### EXERCISE REQUIREMENTS
The answer is to be the lines below that lie between the line holding "プラスサイズの婦人服 2023 夏の新脂肪姉妹" and the line holding "Concluzionăm: conflictul principal", inclusive, transcribed exactly and free of pictures.

### ENTRIES SUPPLIED

= = =

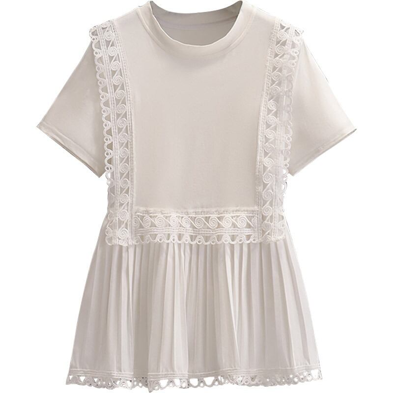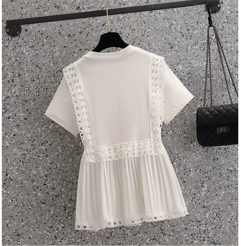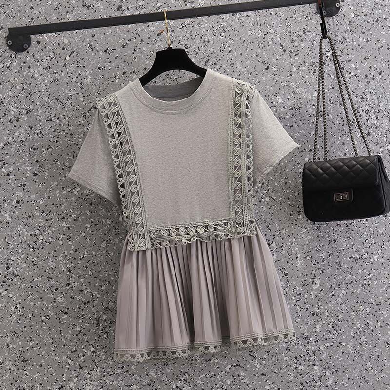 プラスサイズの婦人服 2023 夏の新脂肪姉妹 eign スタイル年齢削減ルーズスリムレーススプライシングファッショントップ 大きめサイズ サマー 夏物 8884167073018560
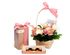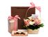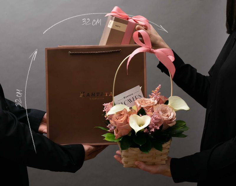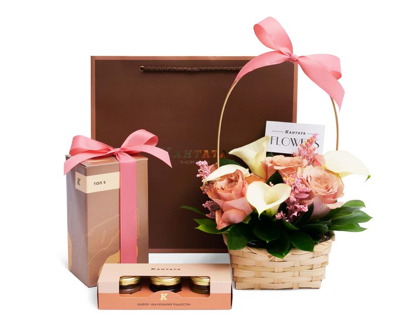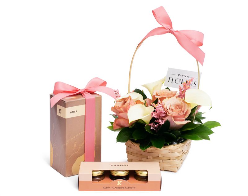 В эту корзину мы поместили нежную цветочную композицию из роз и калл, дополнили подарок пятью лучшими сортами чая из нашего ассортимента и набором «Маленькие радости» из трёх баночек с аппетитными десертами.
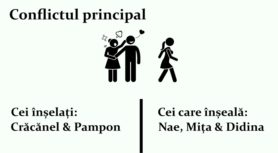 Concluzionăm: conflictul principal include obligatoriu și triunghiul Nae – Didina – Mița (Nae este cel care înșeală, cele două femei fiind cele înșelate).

= = =

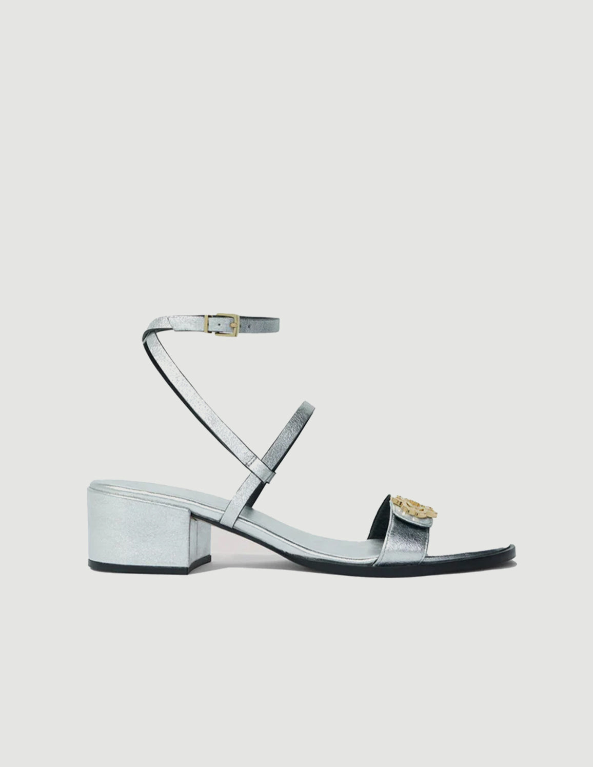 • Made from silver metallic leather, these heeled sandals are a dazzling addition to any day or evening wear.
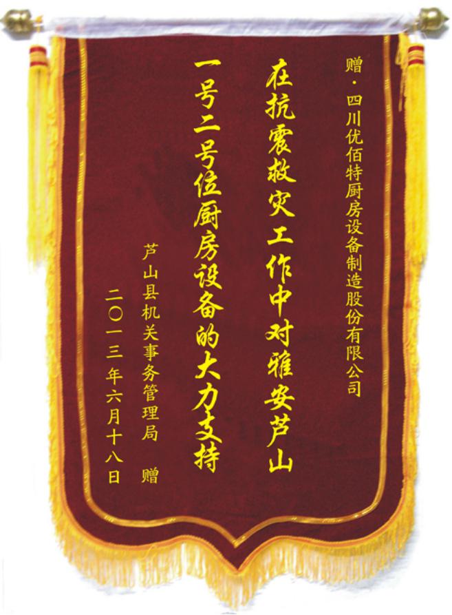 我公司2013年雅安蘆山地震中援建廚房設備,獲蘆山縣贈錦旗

= = =

### EXPECTED OUTPUT
 プラスサイズの婦人服 2023 夏の新脂肪姉妹 eign スタイル年齢削減ルーズスリムレーススプライシングファッショントップ 大きめサイズ サマー 夏物 8884167073018560
 В эту корзину мы поместили нежную цветочную композицию из роз и калл, дополнили подарок пятью лучшими сортами чая из нашего ассортимента и набором «Маленькие радости» из трёх баночек с аппетитными десертами.
 Concluzionăm: conflictul principal include obligatoriu și triunghiul Nae – Didina – Mița (Nae este cel care înșeală, cele două femei fiind cele înșelate).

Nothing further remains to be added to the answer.